How does intrinsic safety system works?

Intrinsic safety:

To avoid hazardous situations, all intrinsically secure machinery, so that unnecessary heat or fire sparks are not generated by electrical overloads.

A system consisting of equipment and interconnecting equipment in which any spark or heat impact is unable to cause a fire in any portion of the device designed for use in dangerous fields and isolate it from outside area to avoid the fire to spread.
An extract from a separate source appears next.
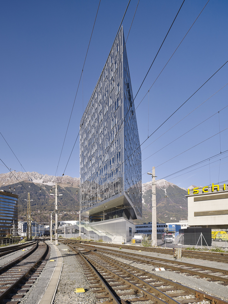 • Sowohl die Positionierung als auch die Nord - Süd Ausrichtung des Turms garantieren die für die Stadt charakteristischen Sichtbeziehungen in Richtung Mittelgebirge, Serles und Nockspitze.

By using obstacles in the loop and using IS wires, the cause of ignition is regulated. The only methods considering flaws in the linking wires are intrinsic security.

Working of an Intrinsic circuit:


A fault force obtained from the stage voltage of the mains invades the barrier’s safe-area part. Part of the current may flow through the barrier fuse, rupturing it; but a significant part of it would flow through the barrier system’s 0 V rail, being limited in magnitude only by the impedance of the fault circuit, and its duration determined by the fuse or other fault-current limitation that protects the fault-current phase.

The transfer route to the neutral star stage guarantees that the fault current does not reach the dangerous region by displaying a lower impedance route that the present wants to pass along.

A voltage decrease happens in the transfer route between the X1 and X nodes during the fault present flow. This change in voltage is transmitted to the ground attached tool as the box is attached to the system with the same capacity as point X and the inner components immediately linked to point X1.

Since this voltage distinction happens in the dangerous region, it is natural that it should be less than 10 V so that an incendiary spark’s likelihood is acceptably small.


The multiple return paths and cross bonding must create a low resistance return path of the same order as the barrier earth conductor so as to avoid significant voltage differences.

Using Galvanic isolator:

The use of galvanic isolators as interfaces changes the earthing requirements from being a primary contributor to the method of protection, to a secondary one.


The fault is cleared in a comparatively brief period of moment by getting a well-defined return track on the isolator’s safe hand.

The voltage concentration of the isolator’s safe-area side is not transmitted to the dangerous zone, but a lengthy hand failure would harm the parts on the safe-area side or more likely harm the input circuit.